Assignment: After locating the line with "Presentado por Eduardo" in the data that follows, return it and every later line exactly, up to and including the line with "2228#丹宁色九分单裤(身高159以上拍)".

Data supplied:
---*---

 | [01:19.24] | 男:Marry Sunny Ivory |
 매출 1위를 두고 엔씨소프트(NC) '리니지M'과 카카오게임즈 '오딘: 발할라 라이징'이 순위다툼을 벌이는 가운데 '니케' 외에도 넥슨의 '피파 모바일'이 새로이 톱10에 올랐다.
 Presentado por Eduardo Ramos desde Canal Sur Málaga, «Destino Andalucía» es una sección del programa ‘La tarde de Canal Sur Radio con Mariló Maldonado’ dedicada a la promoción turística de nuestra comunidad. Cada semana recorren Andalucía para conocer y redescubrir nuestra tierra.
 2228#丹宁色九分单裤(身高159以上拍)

---*---

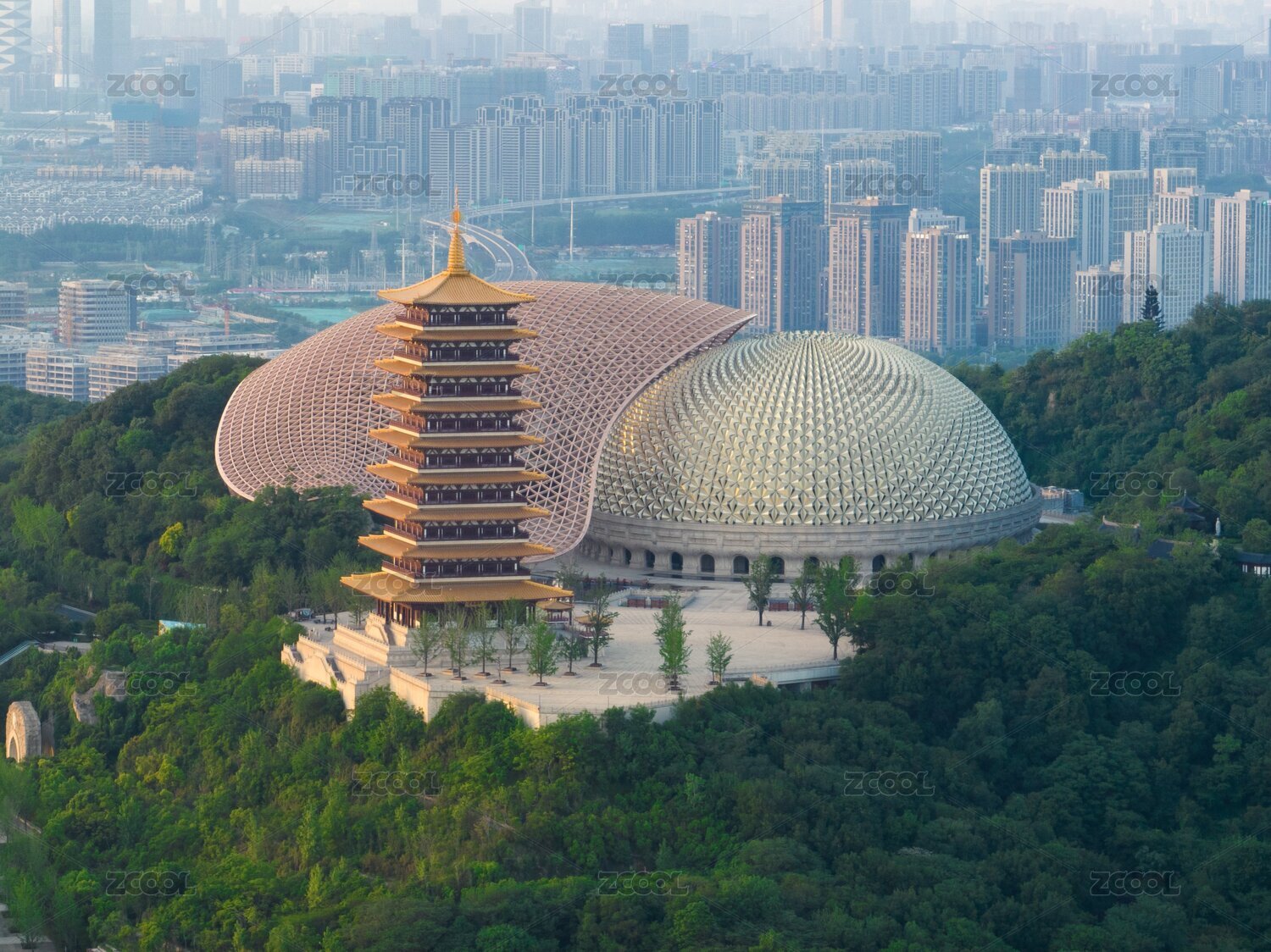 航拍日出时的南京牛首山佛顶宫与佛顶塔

---*---

Exercise solution:
 Presentado por Eduardo Ramos desde Canal Sur Málaga, «Destino Andalucía» es una sección del programa ‘La tarde de Canal Sur Radio con Mariló Maldonado’ dedicada a la promoción turística de nuestra comunidad. Cada semana recorren Andalucía para conocer y redescubrir nuestra tierra.
 2228#丹宁色九分单裤(身高159以上拍)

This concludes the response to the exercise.